# fluval flora newbie first atempt picture heavy. a little advice?



## vnghost (Sep 21, 2012)

hi, ive had many aquariums as a kid and have experience with growing a wide range of plants and vegetables but this is my first attempt at merging the two hobbies together into a planted tank. i started with a fluval chi and fluval flora but had to shut the chi down so ended up with many fish in the flora. im currently experiencing some problems hoping the planted tank community can help. 

tank: fluval flora 7.9 gallons

equipment: ditched all orignal equipment. eheim 2215 (turned down), milwaukee co2 regulator on paintball tank 90bpm set on timer 1 hour before lights and off 1 hour before lights through a nano diffuser, 32 watt 6500k cfl in a zoomed mini deep dome reflector sitting 5 inches above water line on timer 10 hours a day. 

substrate: eco complete

fertilizer: seachem flourish dosing 1ml every other day.

flora: anubias on driftwood, hc, java moss, some kind of crypt, marimo ball, and an unknown plant. 

fauna: 5 neon tetras, 2 cardinal tetras, 5 rummy red nose tetras, 3 rasboras.
also have 3 zebra snails, 2 crs, 2 rcs, and had a blue shrimp that died this morning. 

started like this.









slowly comming together









got 2 here









tank as it sits today 9/21/12









plants









shrimp









equipment









tank has been running for about a month and fully planted for about 2 weeks. everything was going smooth up until the last couple days. my co2 bubble count shot up last night which seems to be known of these regulators, but looking at the fish, none seemed stressed at all. this morning i woke up to a dead blue shrimp, his body used to be all blue with a brown stripe but now has a big orange spot on his back. all my other shrimp are doing well at the moment. he was the largest shrimp, had him since the beggining of this whole experiment so im wondering what took place to bring him to his death. i thought about the co2 but everybody else is fine and none gasping. since then i turned the co2 down a little. 

heres a picture before and after. 









hc looks to be unchanged, not dieing but not thriving. hoping to find a way to improve growth. both unknown plant is melting, thought it was the new water but am unsure, it is melting fast. both are same species of plant just separated.


































water parameters are unkown except ph is 7.3. i dont own any test kits except a ph pen. last week got my water checked at a lfs and said it was good. i know the water comes out the tap at 7.5 and in my tank lowers to 7.3. 

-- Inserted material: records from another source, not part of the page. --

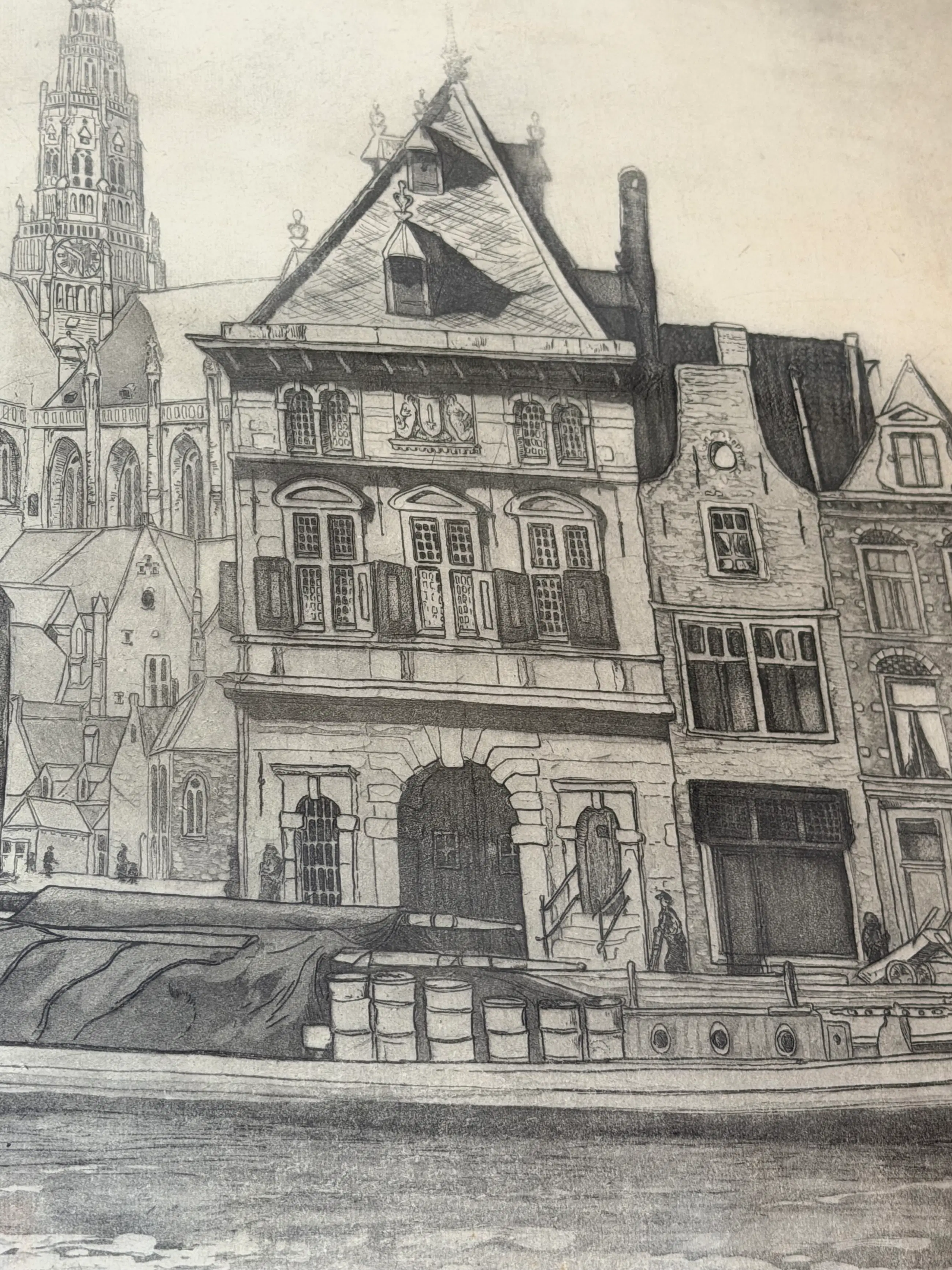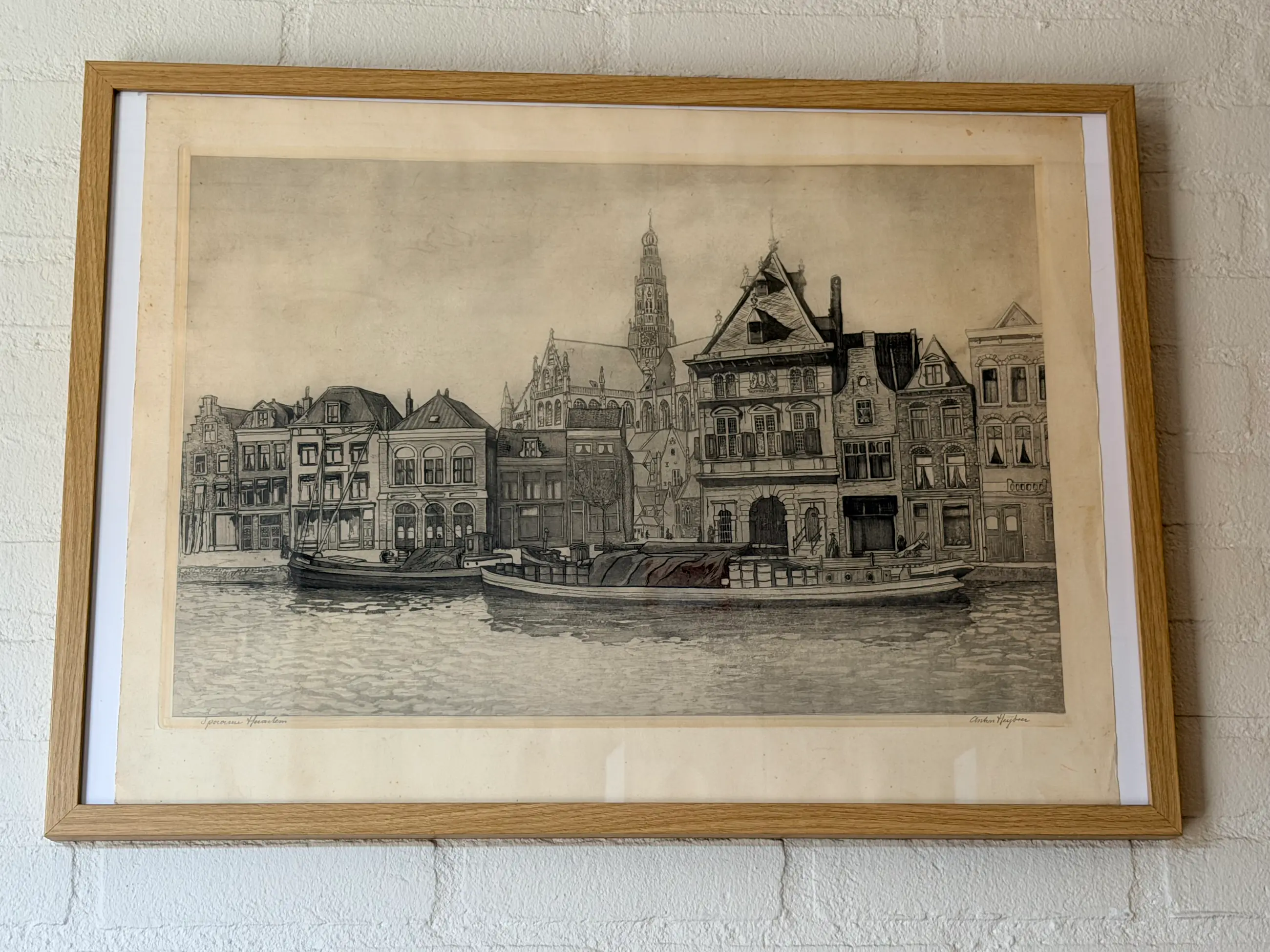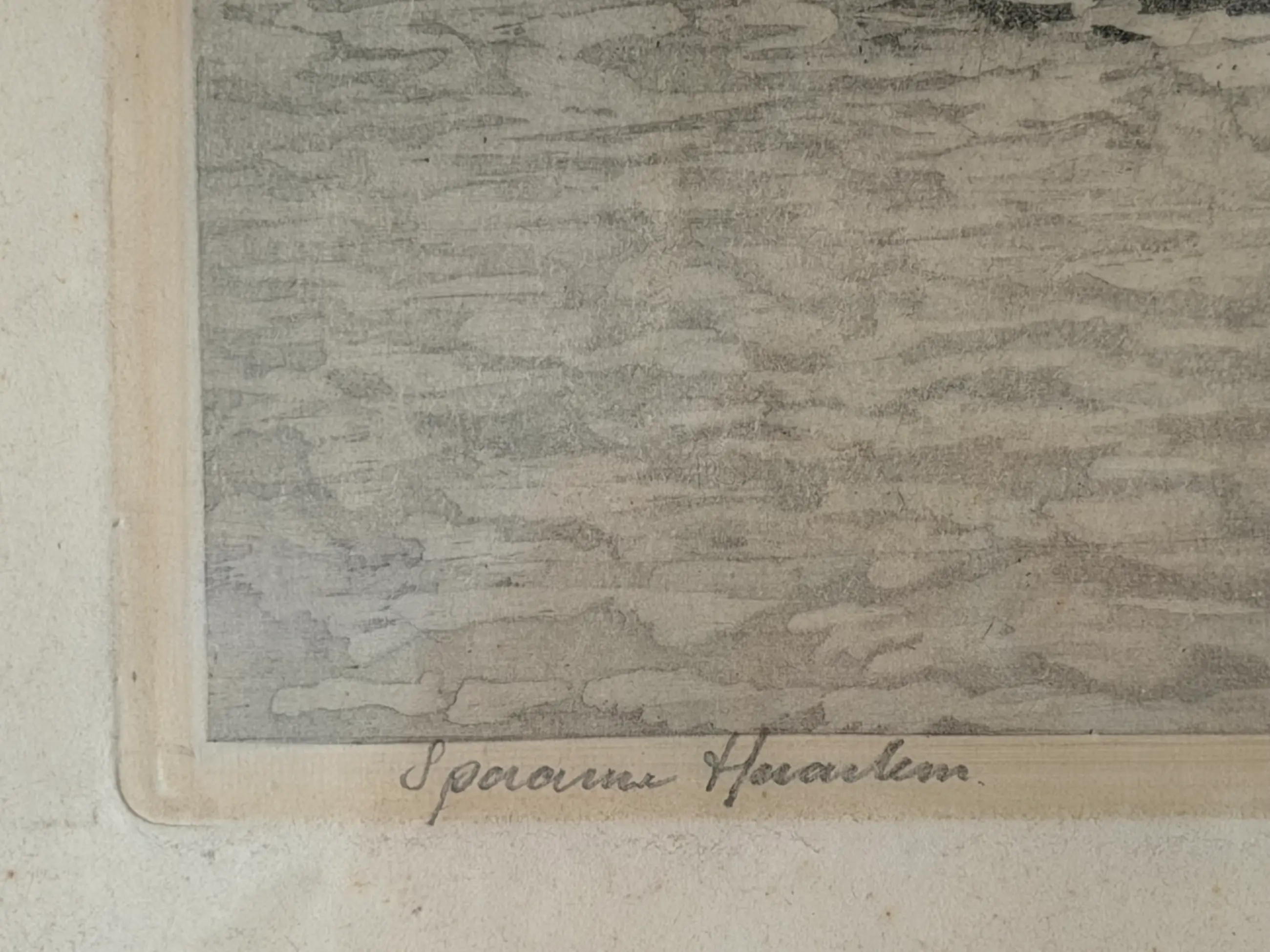 Anton Heyboer (1925 - 2005) Titel ets : Spaarne Haarlem Ets : Niet ingekleurde ets. Afmeting papier : 64 x 48 cm. Afmeting ets. : 57.5 x 38 cm. Gedateerd : omstreeks 1948. Kunstenaar(s). : Anton Heyboer Signatuur ; rechts onder signatuur kunstenaar Naam ets. : links onder met potloot.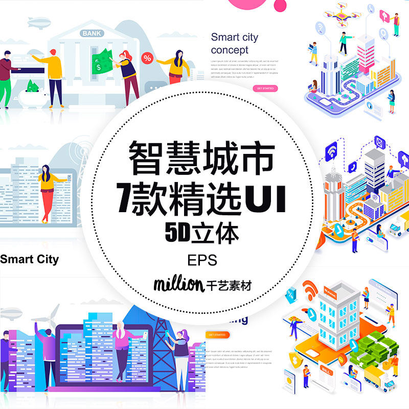 7款智慧城市精選三維立體2.5d界面ui設計矢量素材-網(wǎng)頁設計源文件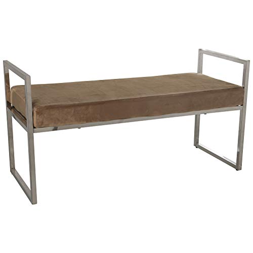 DRW Banquette en Velours et Acier Inoxydable Marron 103 x 41 x 54 cm Assise 40 cm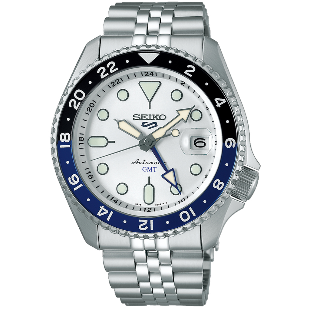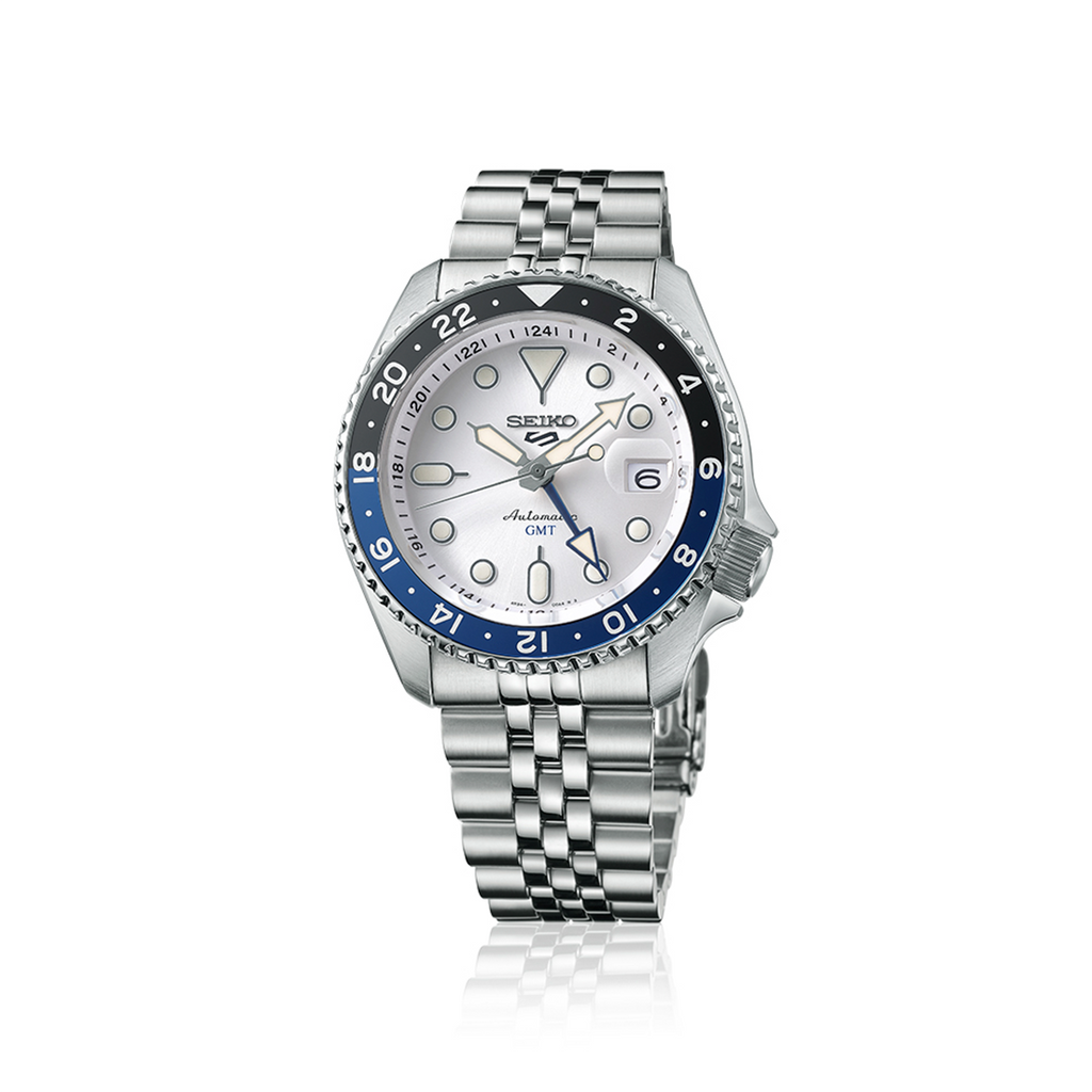 This SKX GMT takes inspiration from a popular archive colour scheme which captured the scene of the blue sky piercing through clouds. The combination of silvery-white dial with deep blue bezel is designed to resemble sunlight spreading its glow throughout the sky whilst its GMT function tracks multiple time zones.

what do you think killed the shrimp? disease, stress, co2? he was twice the size of my rcs and crs, no fish mess with him or any the other shrimp. he did activly swim on the top spray bar. my crs has become more active wondering if it was his time or if it was his keeper. the orange body has got me worried. also what do i do with the melting plant? how do i save it, can anyone identify it? any advice is appreciated thanks.


----------



## logi-cat (May 21, 2009)

Hi, looks good. Are you dosing any other fertilisers besides seachem flourish? plants also need a source of micro and macronutrients. 90bpm, not sure what that translate to per second but try to aim for 1-2 bubbles per second. To me 10 hours is maybe too much. Try cutting it down to 8 hours per day.


----------



## vnghost (Sep 21, 2012)

hi logi-cat thanks for the advice. since i turned down the co2 rate im getting 72 bubbles a second which is 1 1/5th bubbles a second basically 1.2bps. there is visibly less bubbles in the tank. fish seem to like that a little better so im gonna keep that rate. i was under the impression that seachem flourish an all in one fertilizer and that fish food and waste provide the rest. any recommendations on ferts?


----------



## logi-cat (May 21, 2009)

i use dry ferts which you make up your self depending on the size of the aquarium. A very cheap alternative compared to liquid fertilisers that you buy in bottle such as seachem flourish. If you browse the fertilisers and water parameters of the forum there should be something in there. This is what i achieved:

http://www.ukaps.org/forum/viewtopic.php?f=35&t=21180


----------



## vnghost (Sep 21, 2012)

your tank is beautiful. what is that big bushy plant you have in the middle, id like to have that in my tank.


----------



## logi-cat (May 21, 2009)

that is hydrocotyle sp. japan or sometimes called hydrocotyle tripartita.


----------



## FreshPuff (Oct 31, 2011)

Tank is looking good! I am using the Eheim 2213 on my Ebi and I have to restrict it's flow just so my fish wont be plastered against the glass:icon_cool 
Where did you get that awesome stand for your light? I have been looking for something like that for a while now!


----------



## vnghost (Sep 21, 2012)

It's a zoomed lamp stand and mini deep done reflector. U can get a similar reflectors at home depot for like 8 bucks. I originally ordered a 2213 but it arrived broken, did a little more research and decided to up it to a 2215. 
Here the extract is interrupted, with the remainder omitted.